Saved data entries
Content starts

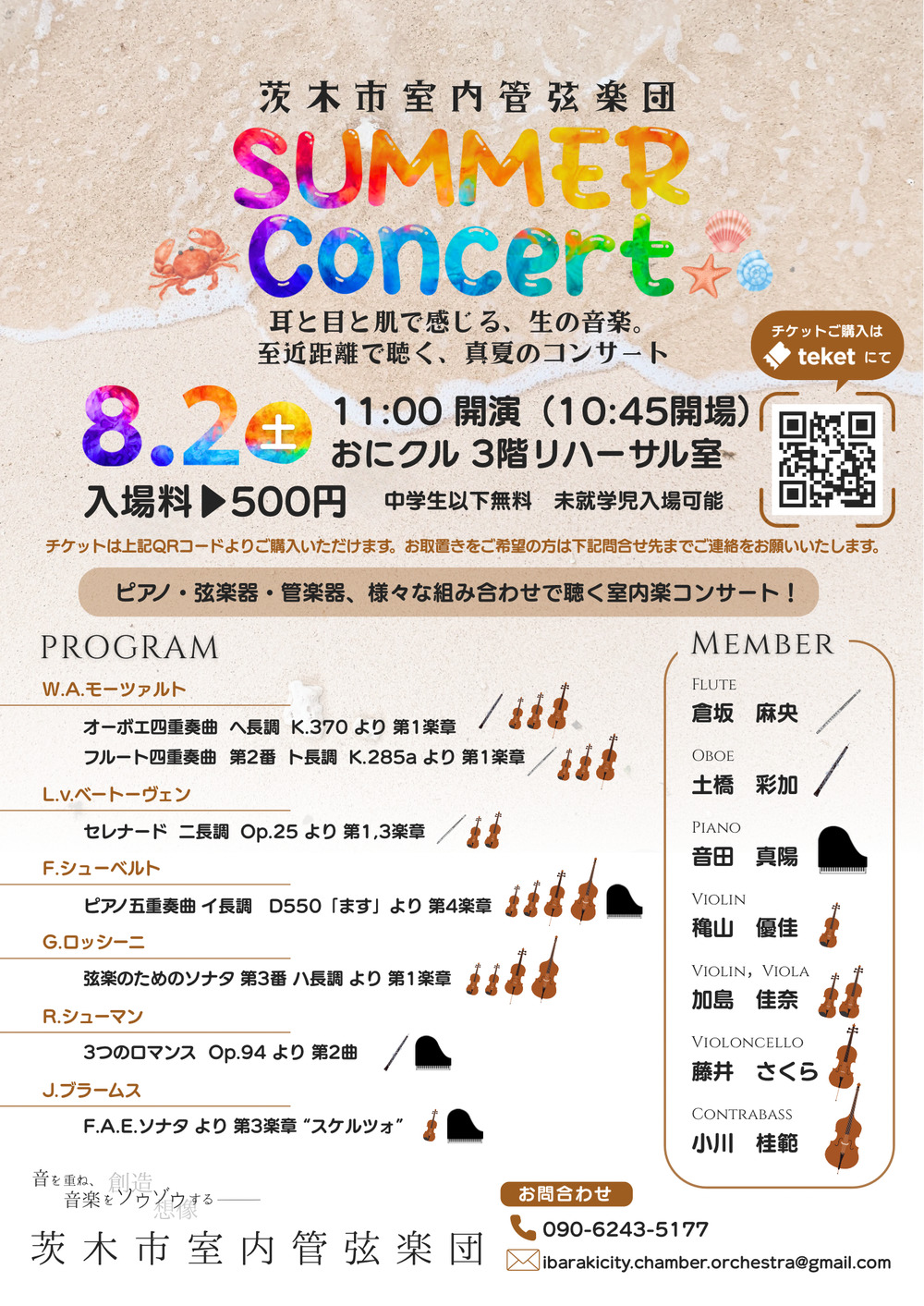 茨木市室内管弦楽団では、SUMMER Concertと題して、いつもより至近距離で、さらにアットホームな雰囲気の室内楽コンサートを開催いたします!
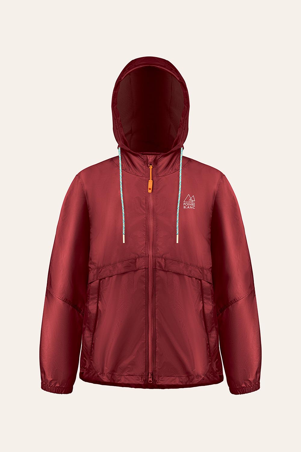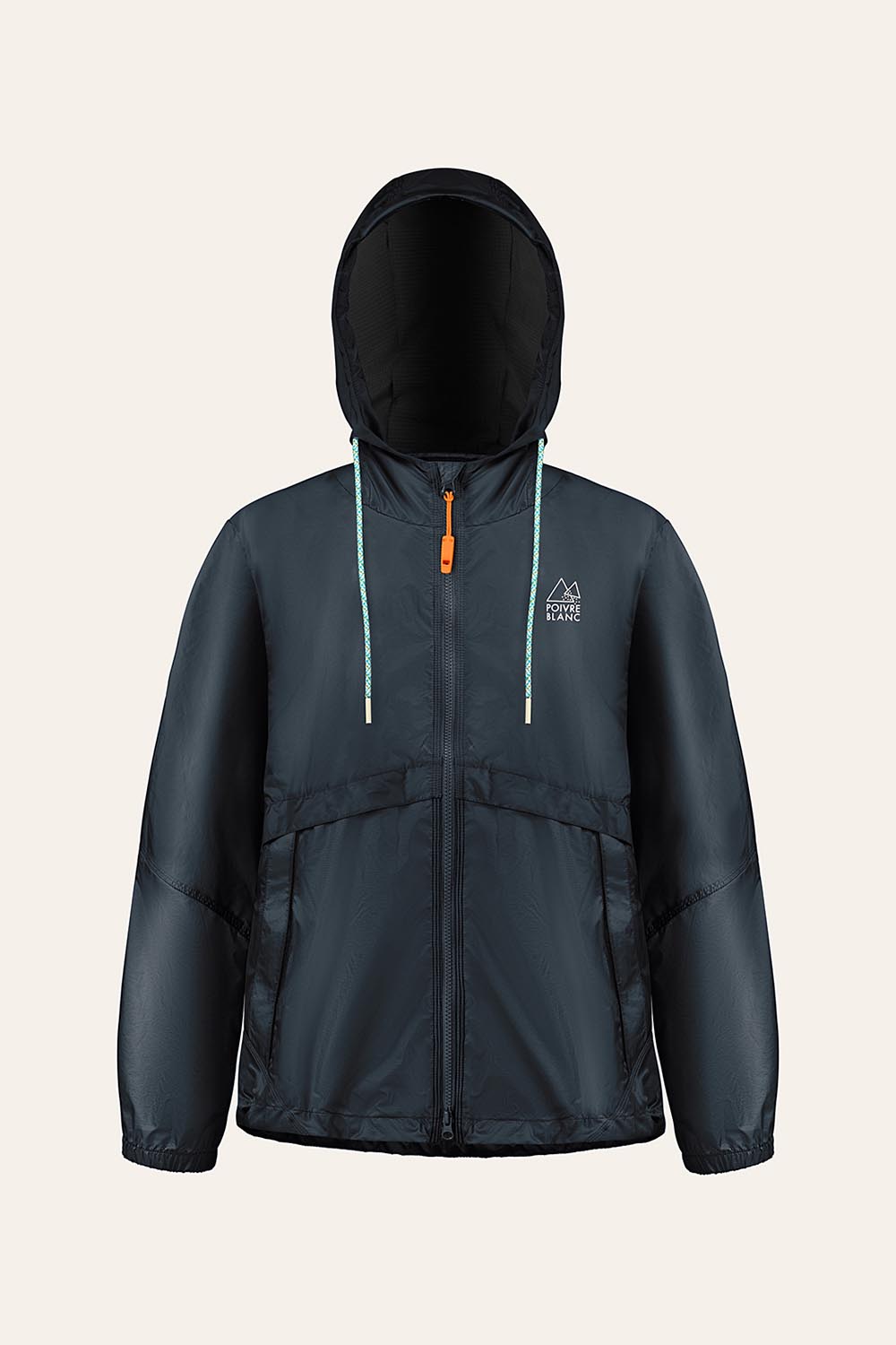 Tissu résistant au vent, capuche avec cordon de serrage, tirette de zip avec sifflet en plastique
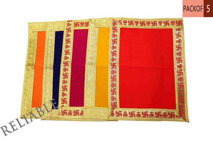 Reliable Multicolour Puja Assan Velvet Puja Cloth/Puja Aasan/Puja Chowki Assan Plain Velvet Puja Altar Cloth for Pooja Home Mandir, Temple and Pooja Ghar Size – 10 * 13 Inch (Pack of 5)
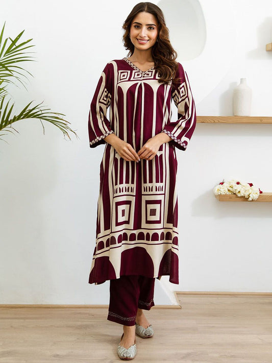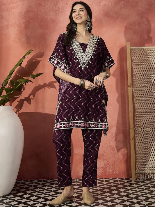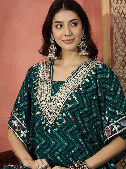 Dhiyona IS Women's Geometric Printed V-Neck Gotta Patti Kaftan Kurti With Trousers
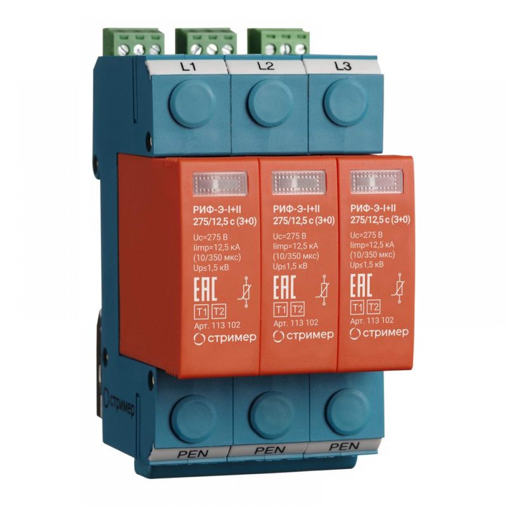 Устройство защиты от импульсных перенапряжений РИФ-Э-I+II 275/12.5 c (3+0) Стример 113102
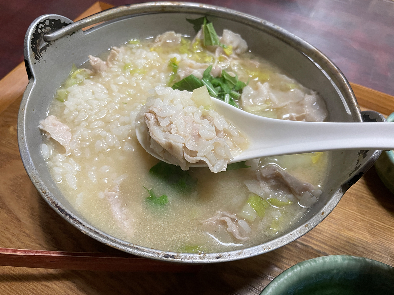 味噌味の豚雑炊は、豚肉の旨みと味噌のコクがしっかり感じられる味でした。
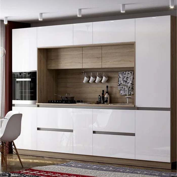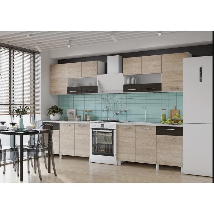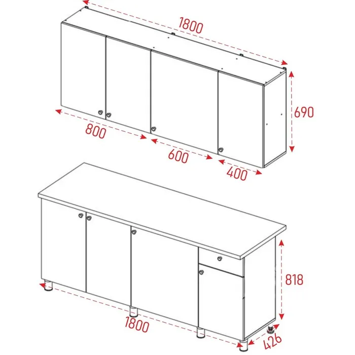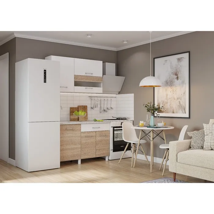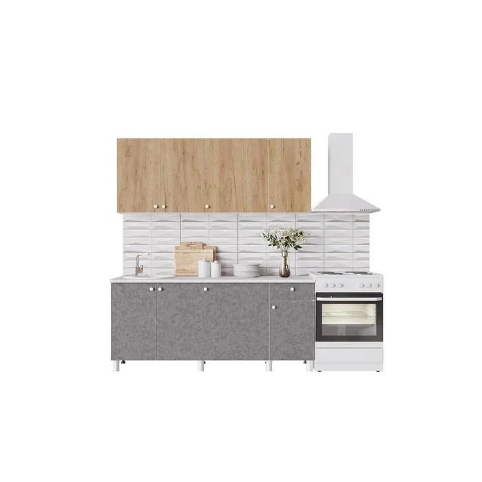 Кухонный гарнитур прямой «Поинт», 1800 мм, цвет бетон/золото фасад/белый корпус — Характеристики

Content ends

▶ _EXERCISE DESCRIPTION_:
Nothing but the records, repeated exactly and stripped of pictures, should appear in the answer.

▶ _COMPLETED TASK_:
 茨木市室内管弦楽団では、SUMMER Concertと題して、いつもより至近距離で、さらにアットホームな雰囲気の室内楽コンサートを開催いたします!
 Tissu résistant au vent, capuche avec cordon de serrage, tirette de zip avec sifflet en plastique
 Reliable Multicolour Puja Assan Velvet Puja Cloth/Puja Aasan/Puja Chowki Assan Plain Velvet Puja Altar Cloth for Pooja Home Mandir, Temple and Pooja Ghar Size – 10 * 13 Inch (Pack of 5)
 Dhiyona IS Women's Geometric Printed V-Neck Gotta Patti Kaftan Kurti With Trousers
 Устройство защиты от импульсных перенапряжений РИФ-Э-I+II 275/12.5 c (3+0) Стример 113102
 味噌味の豚雑炊は、豚肉の旨みと味噌のコクがしっかり感じられる味でした。
 Кухонный гарнитур прямой «Поинт», 1800 мм, цвет бетон/золото фасад/белый корпус — Характеристики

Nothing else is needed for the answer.